In his book Dr. Shugart referenced the "crucible ", or the
difficult experiences people face in life, as the process that
"consumes the dross of self" so that the servant leader in us
can emerge. He also wisely said that "we are all in this
together", which I took to mean that we must empathetically
work together in an organization, not adopt the common but
fatal us/them mentality. He said that we must also get to
know ourselves well, our strengths, good traits and bad, ego,
hubris and blind spots, so that we can grow as people and
hone ourselves as leaders. His words and his approach can
help us "find our inward journey to become outwardly
successful, authentic leaders"! Dr. Shugart reminds us that
difficulties and setbacks can fuel our transformation if we
remain diligent, and avoid developing a sense of entitlement
in settings where executive and political power rein.

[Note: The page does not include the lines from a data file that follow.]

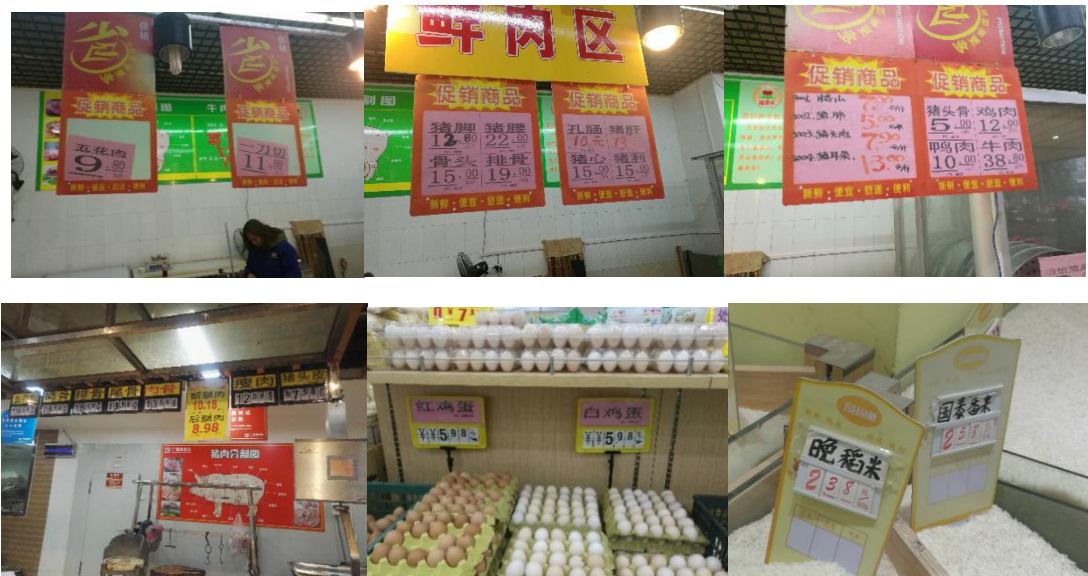
图 2 蒙山县两超市部分物价情况图

该校部分食材采购价格高于当地超市零售价，另扣 20 分：当地超市的猪肉才 9—11 元/斤，排骨为 18.18—19 元/斤，晚稻米 2.38 元/斤，而统一配送给学校的猪肉价格为 15 元/斤，排骨为 23 元/斤，晚籼米（二级）为 3.1 元/斤。（见图 2、图 II-1）
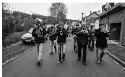
Masopustní průvod – téma Olympiáda
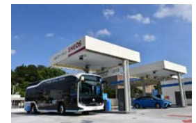
FCバス対応 水素ステーション

He said
that he realized that the jaded "jerks" he encountered early in
his career were once idealistic young leaders, just like him,
and that somehow along the way the pressures of life
changed them into these people he never wanted to be. He
then realized how easily he could suffer the same fate if he
did not choose a more deliberate path to be an enlightened
leader, poet and music writer.

Of change models, such as Lewin's "unfreeze, transition,


refreeze" approach, Dr. Shugart said that they are "warmed
over Soviet plans", and that the real theory of change is one
in which first we change the conversation, then we change
who's in the conversation, and then we change everything. I
also liked that he said, of the theory of cultural change, that
when we start right and design good systems around an
adopted institutional theory of change, that if the outcomes
are not what we hoped for, we keep the theory and try a
different approach to see what will support and help it work
better. We do not discard the theory and seek a new one.
This approach takes time and patience, but obviously
Valencia College is an excellent example that it works!

References:
Shugart, Sandy, PhD. Leadership in the Crucible of Work.
Maitland, Florida: Florida Hospital, 2013.